Form of certificate representing the Series D Preferred Stock
Exhibit 4.2
SVB FINANCIAL GROUP
Incorporated under the laws of
the State of Delaware
NUMBER 1 CUSIP 78486Q AP6 | SERIES D NON-CUMULATIVE PERPETUAL PREFERRED STOCK | 10,000 SHARES |
This is to certify that
American Stock Transfer & Trust Company, LLC, as depositary, under the Deposit Agreement, dated as of October 28, 2021, among SVB Financial Group, a Delaware corporation (the Corporation), as issuer, American Stock Transfer & Trust Company, LLC, as depositary, and the holders from time to time of the depositary receipts described therein, is the registered owner of 10,000 fully paid and non-assessable shares of Series D Non-Cumulative Perpetual Preferred Stock, $0.001 par value and a liquidation amount of $100,000 per share, of the Corporation, transferable on the books of the Corporation by the holder hereof, in person or by duly authorized attorney, upon surrender of this Certificate properly endorsed. This Certificate is not valid unless countersigned and registered by the Transfer Agent and Registrar.
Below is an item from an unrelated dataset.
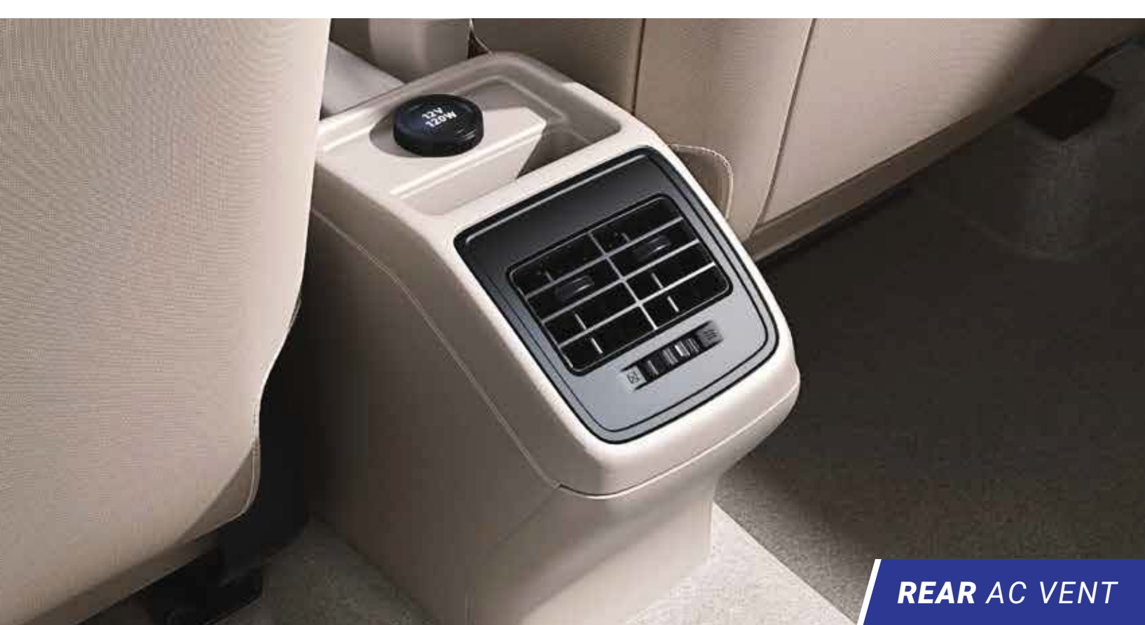
REAR AC VENT

Witness the facsimile signatures of its duly authorized officers.
[Signature Page Follows]
Dated: October 28, 2021
SVB FINANCIAL GROUP | ||
By: | /s/ Greg Becker | |
Name: Greg Becker | ||
Title: President and Chief Executive Officer | ||
By: | /s/ Leeann Overstreet | |
Name: Leeann Overstreet | ||
Title: Assistant Secretary |
Countersigned and registered
American Stock Transfer & Trust Company, LLC, as Transfer Agent and Registrar
By: | /s/ Michael Legregin | |
Name: Michael Legregin | ||
Title: Senior Vice President, Attorney Advisory Group |
[Signature Page to Preferred Stock Certificate Series D]
(REVERSE OF CERTIFICATE)
SVB FINANCIAL GROUP
The Corporation will furnish without charge to each stockholder who so requests the powers, designations, preferences and relative participating, optional or special rights of each class of stock or series thereof of the Corporation and the qualifications, limitations or restrictions of such preferences and/or rights. Such request should be addressed to the Corporation or the Transfer Agent.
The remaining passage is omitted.